Berkeley Lab biophysicist Sylvain Costes is generating 3D time lapse of DNA repair centers in human cells to understand better how cancer may arise from DNA damage. (Photo by Roy Kaltschmidt, Berkeley Lab) |
Previous
studies failed to detect the clustering of double break strands and the
formation of DNA repair centers because they were based on single-time
or single-dose measurements of RIF at a discrete time after the initial
exposure to ionizing radiation. This yields a net number of RIF that
does not account for RIF that have not yet appeared or RIF that have
already made repairs and disappeared. The time-lapse imaging used by
Costes, Bissell and their co-authors showed that RIF formation continues
to occur well beyond the initial radiation exposure and after earlier
repair issues have been resolved. Time-lapse imaging also indicates that
double strand break clustering takes place before any RIF are formed.
“We
hypothesize that double strand break clustering occurs rapidly after
exposure to ionizing radiation and that RIF formation reflects the
repair machinery put in place around a single cluster of double strand
breaks,” Costes says. “Our results provide a more accurate model of RIF
dose response, and underscore fundamental concerns about static image
data analysis in the dynamic environment of the living cell.”
Previous
studies also mostly involved fibroblast cells whereas Costes, Bissell
and their colleagues examined epithelial cells, specifically an
immortalized human breast cell line known as MCF10A, which has a much
higher background of RIF than fibroblasts, even without ionizing
irradiation. To compensate for this higher background, Costes developed a
mathematical method that enables background to be corrected for on a
per- nucleus basis in unirradiated cells. Still the use of a special
line of immortalized breast cells is an issue that Costes and his
colleagues plan to address.
“We
are now looking at primary breast epithelial cells that have been
removed from healthy donors to determine if our results are repeated
beyond just a single cell line and under more realistic physiological
conditions,” Costes says. “We’d also like to know if our findings hold
true for fibroblasts as well as epithelial cells. Also, we’d like to
know if double strand break clustering is the result of a random
coalescence or if there is an active transport mechanism that moves
these double strand breaks towards pre-existing DNA repair centers.”
Working
in collaboration with Rafael Gomez-Sjoberg of Berkeley Lab’s
Engineering Division, Costes and his group are also developing a special
microfluidics lab-on-a-chip device that is integrated into an X-ray
microbeam. The goal is to provide a means by which cells can be kept in a
controlled microenvironment while being irradiated with multiple doses.
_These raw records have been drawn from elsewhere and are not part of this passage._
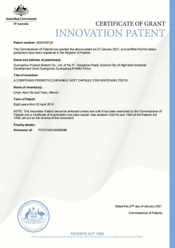 普正生物作為一家長(zhǎng)期致力于研發(fā)的技術(shù)型公司,普正生物自2005年創(chuàng)立以來(lái)收獲了一眾專利與榮譽(yù),最近又喜獲了一項(xiàng)新的國(guó)際發(fā)明專利——口腔益生菌專利證書--澳大利亞
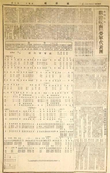 △一九三九年十月十一日《抗敌报》刊登的颁布学唱《新四军军歌》的命令及歌谱。
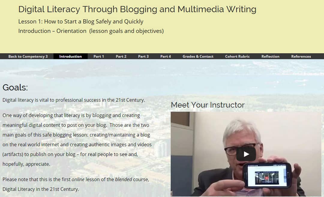 Because the assignment called for the development of an online instructional/workshop lesson that included about 1 hour of instruction, I did have to make some changes in a few areas, though. For example, the self-introduction was put on video and I eliminated many administrative aspects of the real-life course’s first two weeks (such as setting up students on Gmail and a learning management system) in order to focus on the most essential elements of the course curriculum: developing digital literacy through blogging, photography, writing, and filmmaking.
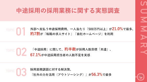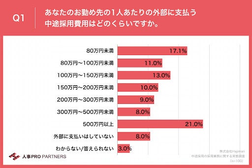 - 外部へ支払う中途採用費用、一人当たり「500万円以上」が21.0%で最多

This microfluidic array will be used to characterize DNA damage
response in breast and blood cells collected from human donors.
“By
characterizing DNA damage response in cells from many different human
donors,” Costes says, “we should be able to determine the variation
across humans and gain a better understanding of how sensitivity to DNA
damage from ionizing radiation might vary from individual to
individual.”
This research was supported by the DOE Office of Science.